On Sundays he plays tennis with Fuji and the matches last for hours. He feels himself growing stronger. There is new force in the slice of his racquet through air, new grace in his feet against the clay. Sometimes Fuji will come close to beating him, and it makes Tezuka work harder. He imagines facing Fuji at Wimbledon. He imagines facing Echizen.

The year passes slowly. Sometimes he’ll drop by the junior high to see how Momoshiro and Kaidoh are faring with the new regulars. Oishi comes with him and they drink tea with Ryuzaki-sensei in her office. He worries about her. The lines around her eyes are deep and jagged now, and it seems like she’s aged ten years in six months. He can see it in the dead weight of her serve, the way it seems to fall more than it flies. He tries not to watch when she’s on the courts.

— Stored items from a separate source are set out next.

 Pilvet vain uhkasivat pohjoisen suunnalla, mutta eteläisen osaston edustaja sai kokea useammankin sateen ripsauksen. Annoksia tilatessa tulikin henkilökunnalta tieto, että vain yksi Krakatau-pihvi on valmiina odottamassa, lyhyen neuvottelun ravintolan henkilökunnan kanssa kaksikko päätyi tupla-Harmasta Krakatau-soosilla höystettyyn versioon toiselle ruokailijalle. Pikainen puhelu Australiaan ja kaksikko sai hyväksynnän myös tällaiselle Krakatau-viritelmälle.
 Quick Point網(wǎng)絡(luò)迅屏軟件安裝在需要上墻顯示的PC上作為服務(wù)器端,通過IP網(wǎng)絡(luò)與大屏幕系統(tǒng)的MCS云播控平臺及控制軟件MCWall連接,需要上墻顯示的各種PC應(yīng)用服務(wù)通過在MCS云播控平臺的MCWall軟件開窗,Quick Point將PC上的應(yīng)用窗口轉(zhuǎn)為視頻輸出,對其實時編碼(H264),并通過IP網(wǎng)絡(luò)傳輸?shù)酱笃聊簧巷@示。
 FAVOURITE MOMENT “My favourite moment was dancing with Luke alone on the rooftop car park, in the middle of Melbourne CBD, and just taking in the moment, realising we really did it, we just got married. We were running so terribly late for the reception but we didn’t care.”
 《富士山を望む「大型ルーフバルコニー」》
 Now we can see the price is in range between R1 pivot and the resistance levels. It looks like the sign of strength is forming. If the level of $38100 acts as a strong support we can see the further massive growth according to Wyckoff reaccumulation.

In August Echizen Nanjiroh sends Ryuzaki-sensei a video of Ryoma playing the US national championships, and the old team gathers at Kawamura Sushi to watch. Echizen is taller since the last time Tezuka really looked at him, and when he speaks to the camera after he takes the match (6-3 with a close final game) his voice crumbles and breaks over the words he speaks in English. He’ll be fourteen in three months. Tezuka watches his broad new shoulders flex as he serves, his long new legs stretch as he wins, and feels restless.

--

In Tezuka’s second year of high school, he’s not captain and there seem to be photos of Echizen all over Tokyo. Echizen stares at him from newspapers and tennis magazines, from the bottle of juice he pours in the morning. Even in advertising Echizen looks grumpy and slightly bored, like he’d rather be posing on a can of Ponta.

The new captain is Kugimiya Shizuka, and he doesn’t really like Tezuka much. In first year Tezuka had crushed him in the finals of the intra-school ranking tournament. Sometimes Tezuka can still feel that victory in the clipped tone with which Kugimaya addresses him. In first year, only Tezuka and Fuji had made the regulars.

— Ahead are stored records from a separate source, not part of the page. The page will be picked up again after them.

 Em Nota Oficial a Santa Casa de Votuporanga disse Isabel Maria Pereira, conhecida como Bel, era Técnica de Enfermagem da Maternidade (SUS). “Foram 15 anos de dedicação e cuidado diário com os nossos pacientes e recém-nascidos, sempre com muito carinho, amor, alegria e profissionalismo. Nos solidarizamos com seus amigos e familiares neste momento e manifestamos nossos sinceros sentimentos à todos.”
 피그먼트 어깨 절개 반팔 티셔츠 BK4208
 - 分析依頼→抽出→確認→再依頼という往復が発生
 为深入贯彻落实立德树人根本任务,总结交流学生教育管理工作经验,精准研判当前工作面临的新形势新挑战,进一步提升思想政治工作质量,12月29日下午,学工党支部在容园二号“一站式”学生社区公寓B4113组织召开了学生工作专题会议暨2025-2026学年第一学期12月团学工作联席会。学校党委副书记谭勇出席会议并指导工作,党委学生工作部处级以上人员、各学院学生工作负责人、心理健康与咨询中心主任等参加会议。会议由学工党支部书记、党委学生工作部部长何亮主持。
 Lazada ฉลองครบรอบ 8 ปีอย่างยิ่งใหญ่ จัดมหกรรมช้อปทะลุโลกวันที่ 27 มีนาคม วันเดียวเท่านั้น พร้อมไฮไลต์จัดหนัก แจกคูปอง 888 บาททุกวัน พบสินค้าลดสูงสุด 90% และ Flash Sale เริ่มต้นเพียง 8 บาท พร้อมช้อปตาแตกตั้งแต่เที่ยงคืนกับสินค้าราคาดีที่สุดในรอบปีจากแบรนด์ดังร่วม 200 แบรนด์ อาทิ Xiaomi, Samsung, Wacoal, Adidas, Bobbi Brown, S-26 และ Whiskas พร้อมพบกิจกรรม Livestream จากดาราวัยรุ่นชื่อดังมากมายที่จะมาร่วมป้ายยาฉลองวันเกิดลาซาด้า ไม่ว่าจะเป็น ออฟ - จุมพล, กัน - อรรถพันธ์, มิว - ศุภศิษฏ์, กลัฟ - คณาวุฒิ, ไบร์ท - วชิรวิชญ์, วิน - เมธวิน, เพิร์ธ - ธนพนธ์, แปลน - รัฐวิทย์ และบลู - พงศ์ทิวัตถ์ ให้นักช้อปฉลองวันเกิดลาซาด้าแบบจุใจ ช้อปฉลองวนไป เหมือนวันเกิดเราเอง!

Two months into the new school year, Echizen drops into practice. Tezuka doesn’t notice him at first, the unfamiliar new line of his body not registering in the corner of his eye. It’s not until he hears Momoshiro and Kikumaru’s mingled hollering that he sees him standing behind the chain link fence, faltering under the combined weight of his friends.

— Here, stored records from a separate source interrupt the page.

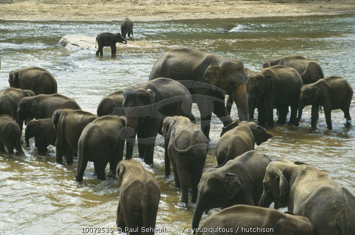 Indian Elephant herd from orphanage sanctuary at Pinawella near Kandy bathe in the Maha Oya river Sri Lanka
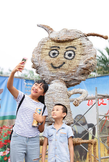 市民在首届“稻草人魔幻艺术节”上与萌萌哒的稻草造型物“唐老鸭”合影。
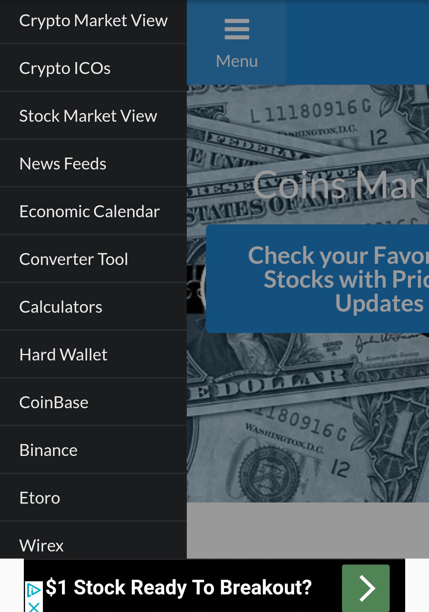 Converter Tool for coins into all types of fiat currencies.
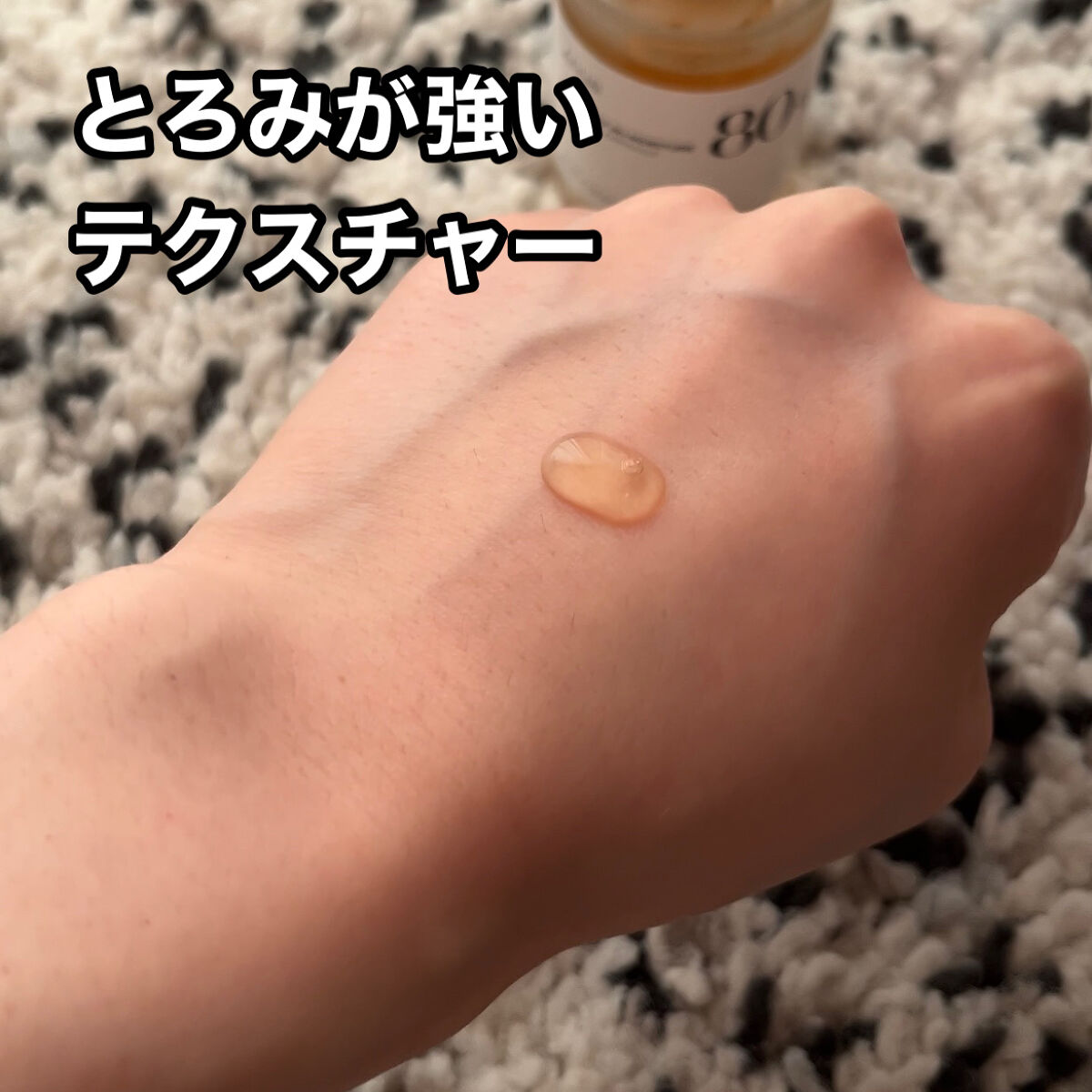 テクスチャーは軽いオイル見たいな感じです。 ニキビ跡がかなり改善されたので使用を辞めましたが、また使いたくなったので戻ってきました笑 肌に乗せた時じんわり温かく感じるため、敏感肌の方は要注意です⚠️ 開封後の保管場所は冷蔵庫必須!! AHA、BHA、レチノールといった、角質ケアとの併用 朝にこの美容液を使うと紫外線が吸収される

“Oi, Echizen, you sneaky little shit!” Momoshiro squawks, his knuckle rubbing Echizen’s crisp white cap askew. “Showing up without telling anybody.”

“That hurts,” Echizen says, wrenching his skull from Momoshiro’s grasp. Kikumaru is writhing with excitement, bouncing at Momoshiro’s side and clutching Echizen’s shoulder.

“Ochibi,” Kikumaru starts, “What are you -“

“Momoshiro, Kikumaru, twenty laps!” The captain calls. Tezuka feels a little like he’s fallen a year and a half into the past, like if he turns around to look the irritated figure shouting at Momoshiro and Kikumaru will be his fourteen year old self, long and stern in his old uniform.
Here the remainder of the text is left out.